The landlord commenced the proceeding below by filing its MCI application
in February of 1989. In response to the application, various tenants
filed answers stating, among other things, that (I) The work done herein
did not constitute improvements but necessary repairs; and (II) The
landlord undertook to do the work herein at its own expense as part of the
cooperative conversion of the subject premises. In support of their
contentions, the tenants submitted a copy of a portion of the Fourth
Amendment to the Cooperative Conversion Plan for the premises.

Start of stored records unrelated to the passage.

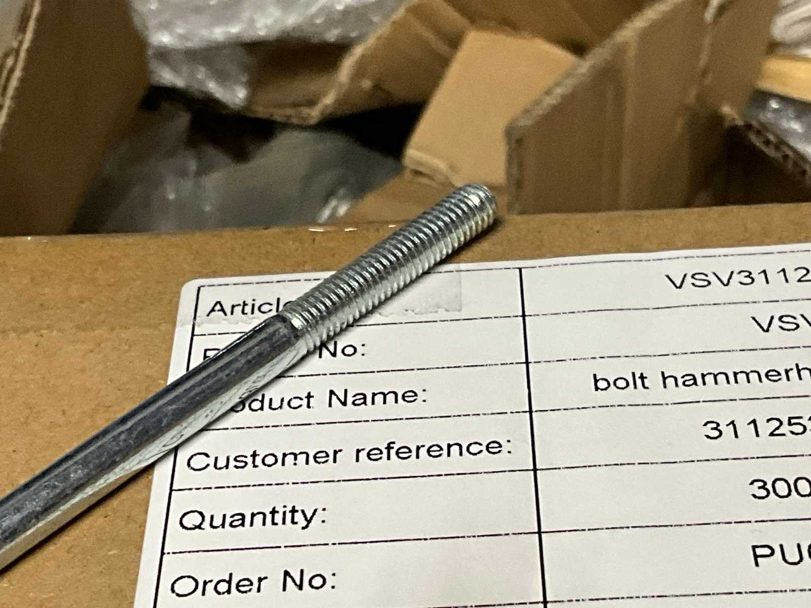 30 dozen à 300 stuk per doos; gewicht 9,4 kg per doos; inclusief pallet; Type: M6x127 mm
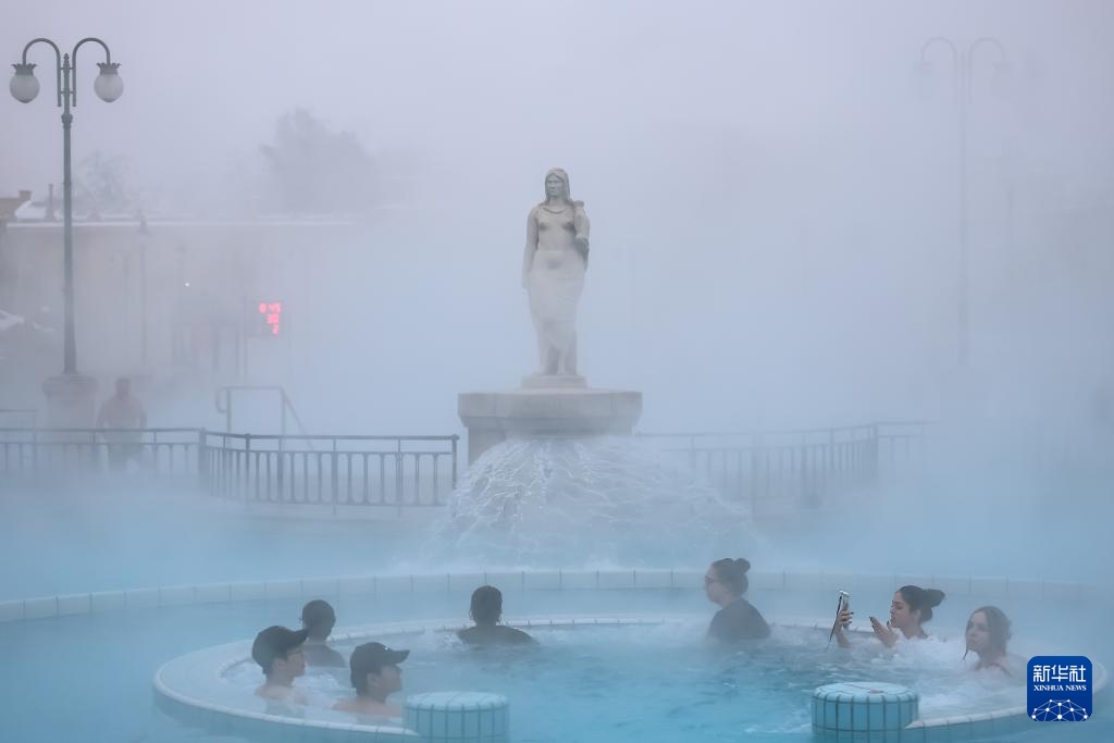 1月16日,人们在雪后的匈牙利布达佩斯塞切尼温泉休闲。
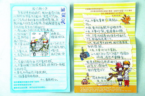 天天和爸爸媽媽在一起,為什么不直接提出建議,卻要集體寫一封信呢?三年級(jí)一班的班長(zhǎng)張曉雯認(rèn)為,知道爸爸媽媽是愛自己的,當(dāng)面提意見,怕傷父母的心。
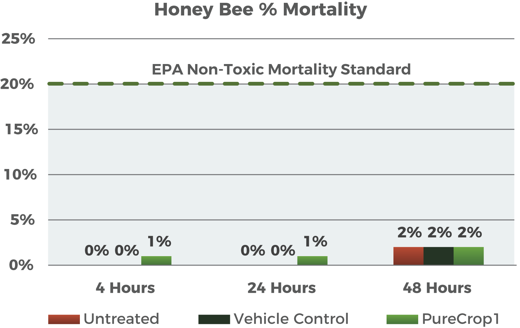 STILLMEADOW, Inc., a research facility specializing in environmental toxicology, animal health, and entomology, evaluated the effects of PureCrop1 on honey bees. The objective of this study was to assess the acute contact toxicity potential of the tested substance, PureCrop1, when administered topically to adult worker honey bees following the Environmental Protection Agency Office of Chemical Safety and Pollution Prevention Guidelines. The study director concluded, "PureCrop1 is considered to be greater than the nominal dose of 25 μg a.i./bee and was non-toxic when administered by contact to adult honey bees." In other words, PureCrop1 was tested at six times over the suggested dilution rate and prove non-toxic to bees.
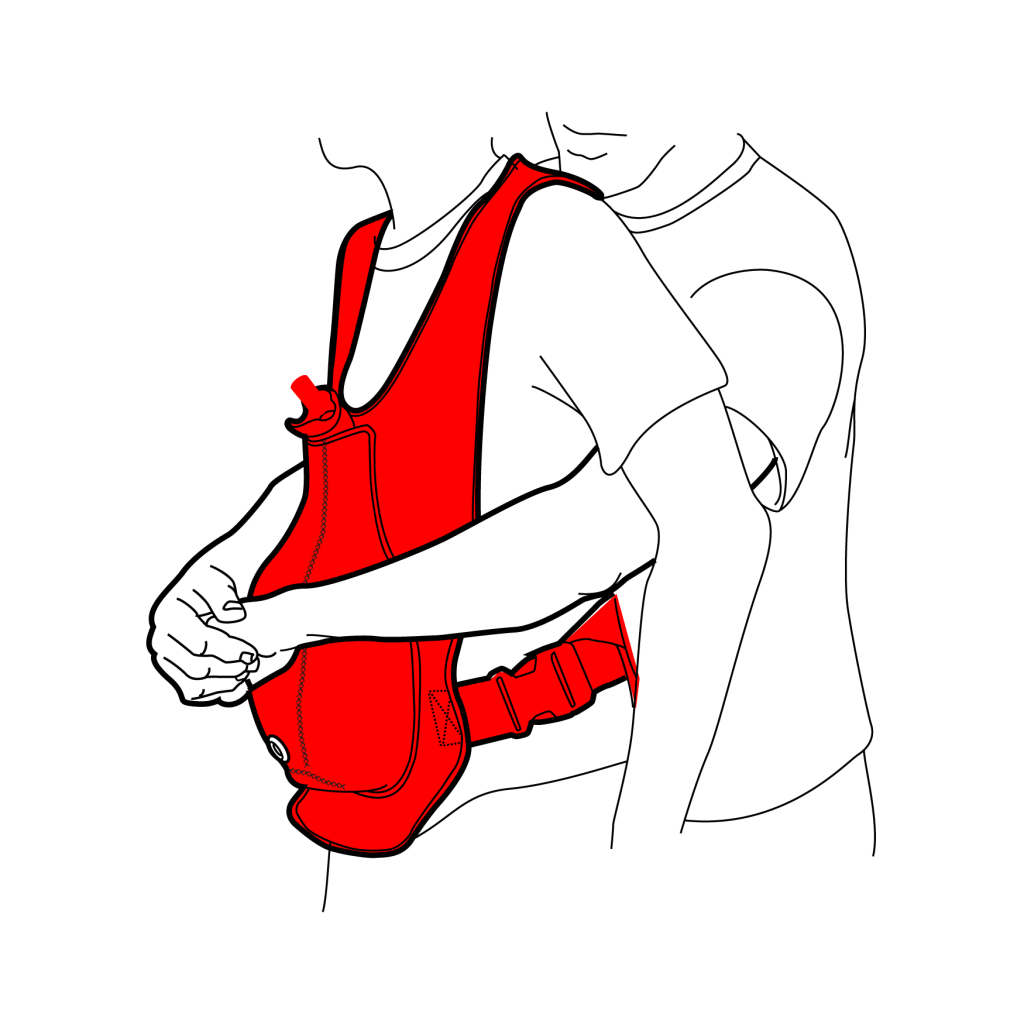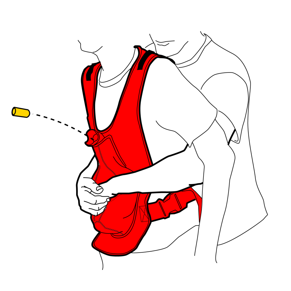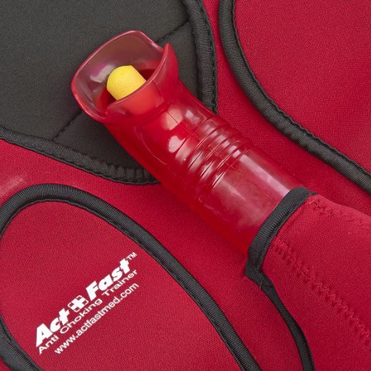 - Тренажер для отработки приема Геймлиха в виде яркого надеваемого жилета предназначен для гибридного тренинга с симулированным пациентом/добровольцем (обучение само- и взаимопомощи)
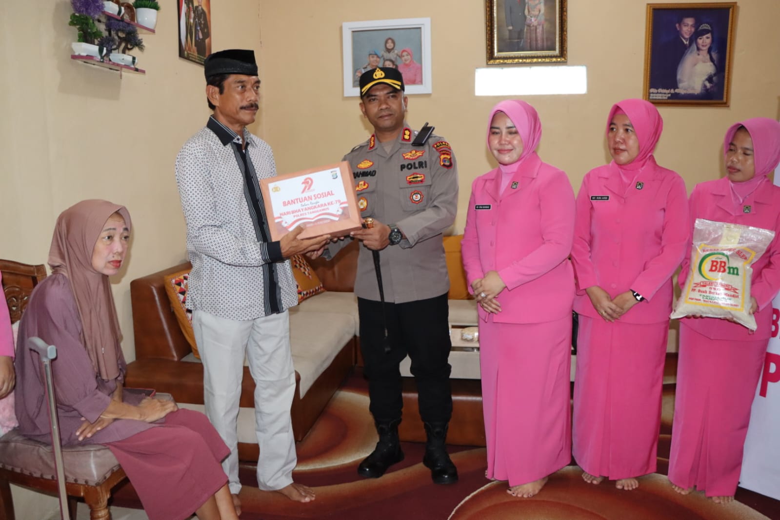 Sedangkan Kabag Ops Kompol. Yofie Kurniawan, S.H., M.H., bersama Kabag SDM, Kompol. Sarwani, S.E., M.M., melakukan kunjungan ke kediaman Ibu Lela, di Pekon Kalibening, Kecamatan Talang Padang.

The District Rent Administrator's order, appealed herein, stated that the
improvements claimed in the owner's application were those set forth in
the Cooperative Conversion Offering Plan whereby it was represented that
the costs would be paid by the sponsor at its expense. The District Rent
Administrator determined, therefore, that these costs cannot be passed on
to the tenants. In addition, the order stated that the installation of
new light fixtures in the hall, new hallway and stairwell fixtures, and
the painting of terraces and hallways did not constitute MCI's but are
considered to be repairs and maintenance.
On appeal, the petitioner-owner states, in substance, that (A) The new
roof, parapet repairs, waterproofing, and insulation have always been
considered as qualifying for an MCI; (B) The new hallway light fixtures
improved appearance, security, and energy conservation and should also be
considered as qualifying for an MCI; (C) The owner relied upon the policy
of the DHCR that existed at the time of the repairs and installations
herein; and (D) Any policy change pertaining to a building undergoing
cooperative conversion should not be imposed retroactively as it would be
a deprivation of the landlord's property without due process.

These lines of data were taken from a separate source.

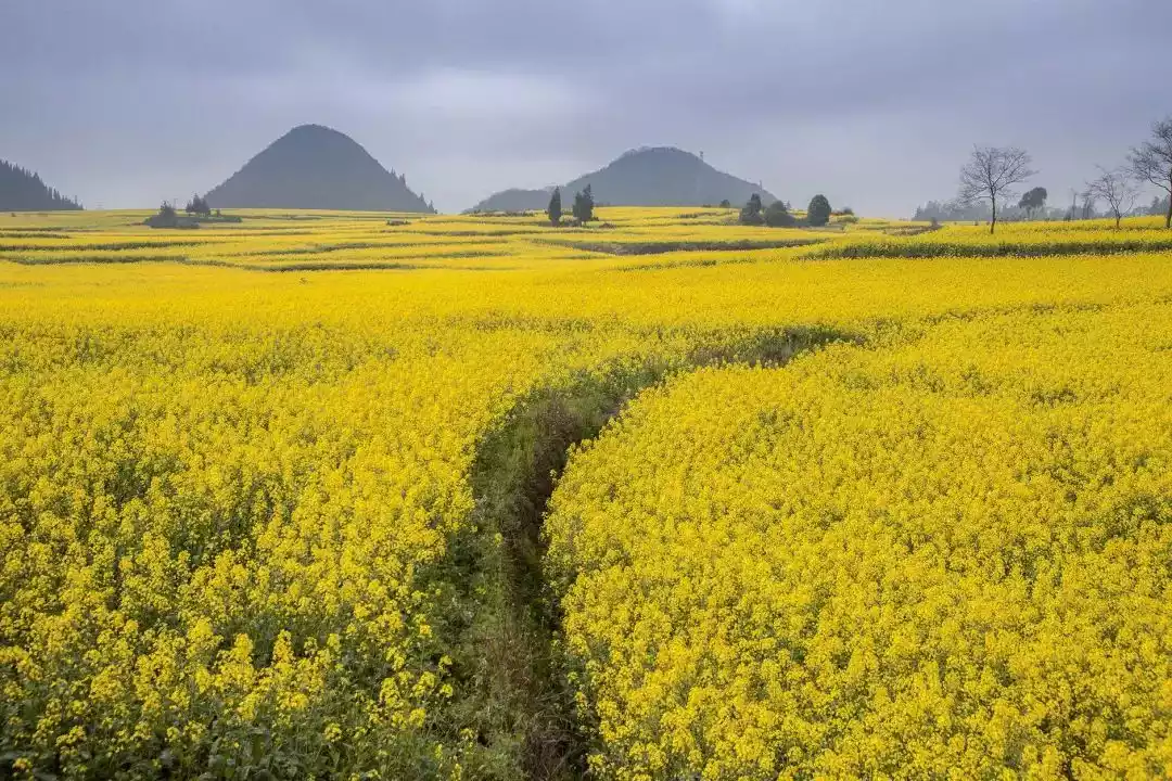 🌟Highlights: 800,000 mu of rapeseed flowers stretch for dozens of miles. Climbing Jinji Peak in the northeast of the county seat, you can see that the rapeseed fields are relatively flat, while some isolated peaks rise in the distance, which gives you a magnificent feeling.
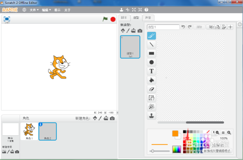 打开scratch2.0软件,进入它的本家儿界面中;
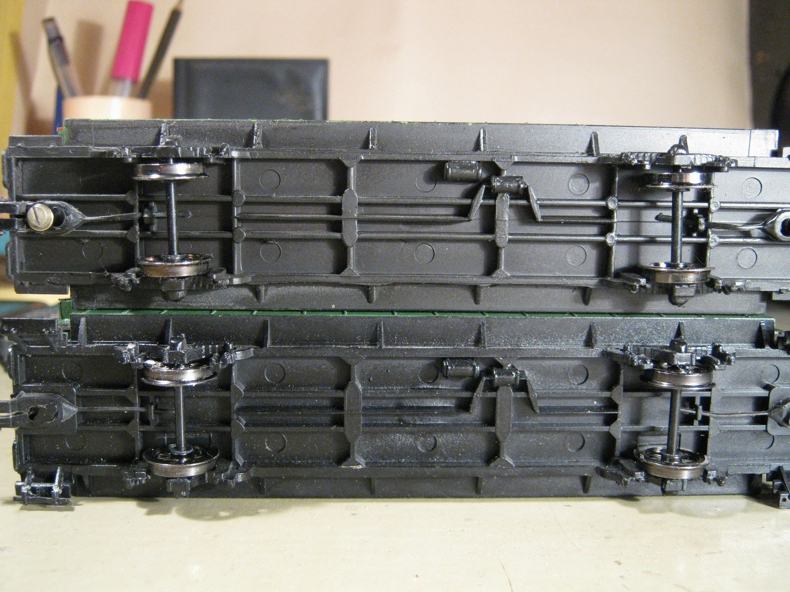 Начнем с мнения автора: вагон можно считать достаточно редким экземпляром, учитывая что те комплекты которые сейчас можно найти в продаже - или убиты в грязь или стоят по 350$ за сет (и тоже нередко убиты не менее). Мной было проведена реконструкция основных компонентов а так же сборка накладных деталей. Родные колпары (с диаметром кстати 12.5мм) были заменены на металлические (пр-тво Fleischmann), кроме того покрашены "по канону" колпары. Родные сцепные механизмы были вырезаны бормашинкой а пространство под вагонами отполировано для установки NEM-шахты. Анекдот: шахта сцепки посажена на модельный клей и идеально вписывается по высоте сцепки в общие стандарты, более того (!) установка сцепки типа "селёдка" создает в итоге почти идеальное соприкасание демпферов вагонов между собой.
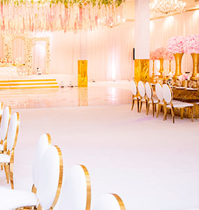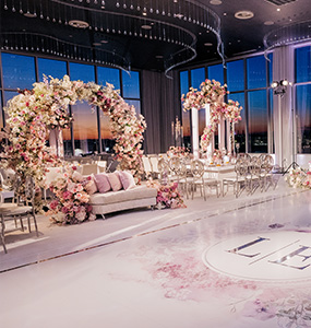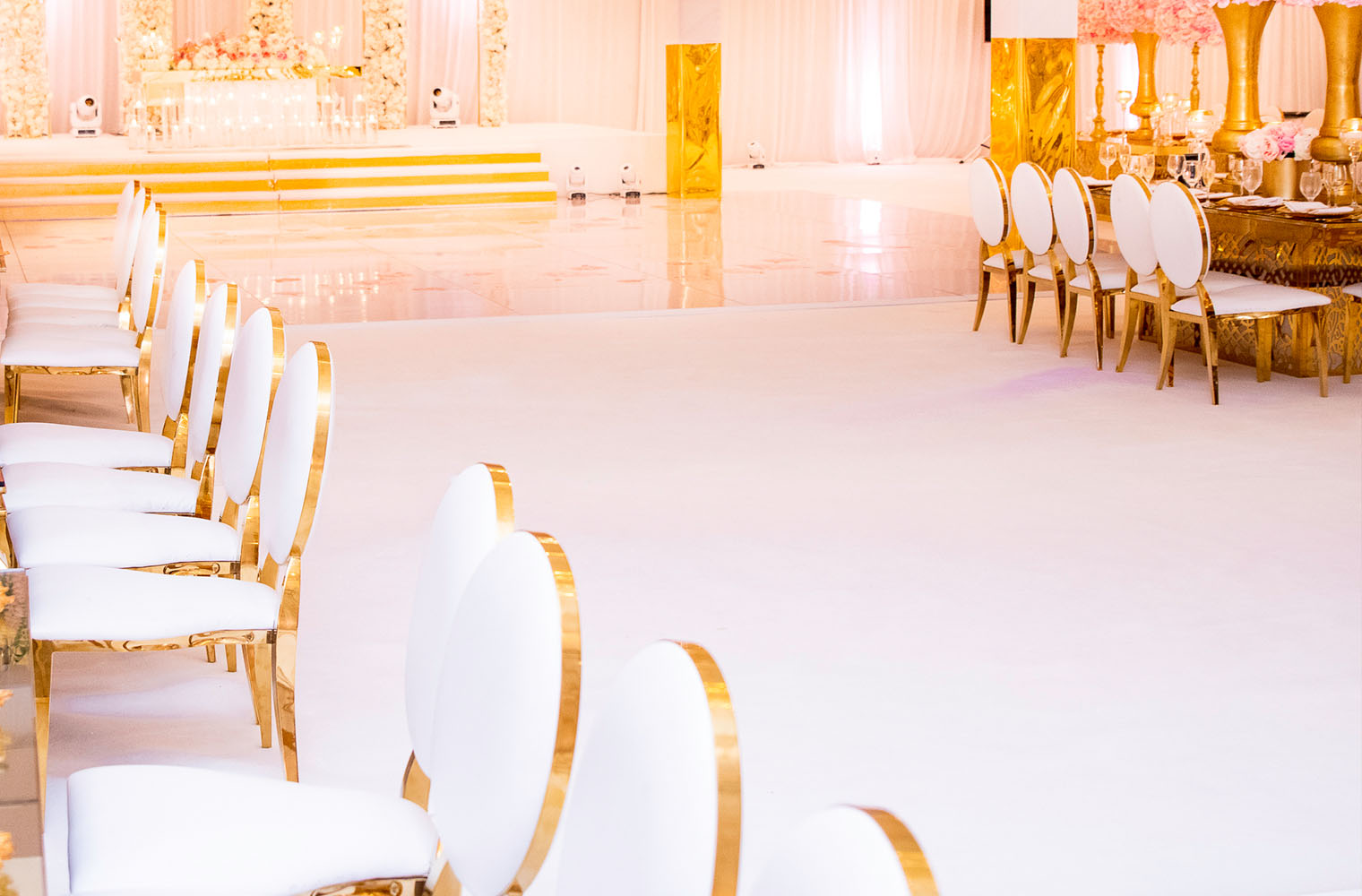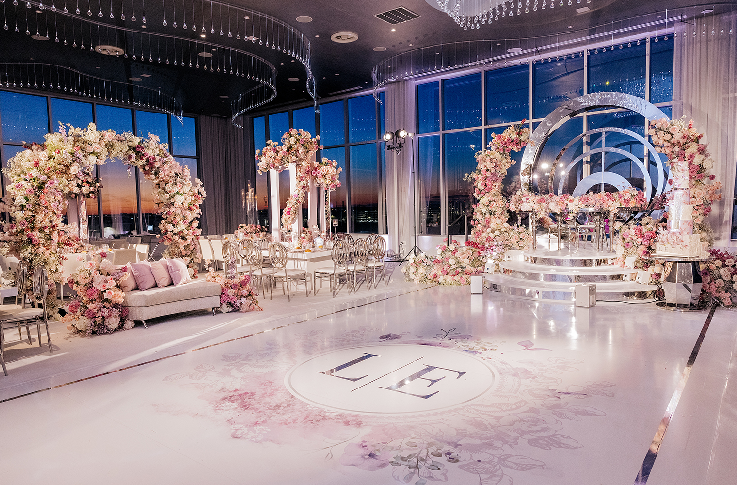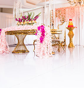 We offer a wide range of dance floor wraps in a variety of colors and styles. Our flooring services include aisle runners carpeting, vinyls, dance floor rental & installation. We specialize in monogram prints and floor decals.

DOCKET NUMBER: EC 130402-RO
In response to the owner's petition, various tenants filed answers
stating, in substance, that (1) The work done by the landlord constituted
necessary repairs; and (2) The Fourth Amendment to the Cooperative
Conversion Plan stipulates that the work herein was to be done in the
building as a condition of going co-op.
After careful consideration of the entire evidence of record the
Commissioner is of the opinion that the administrative appeal should be
denied.
The Fourth Amendment to the Cooperative Conversion Plan for the subject
premises submitted by the tenants (dated March 3, 1987) states, in
pertinent part, that the "Sponsor agrees to make, at its cost, certain
additional improvements to the building including repair and pointing of
parapets as needed, and installation of a new roof. Sponsor will paint
and/or wallpaper and install new lighting fixtures in the lobby and all
residential corridors in the building. The lobby will be refurnished and
refurbished. New carpet will be installed in the residential corridors.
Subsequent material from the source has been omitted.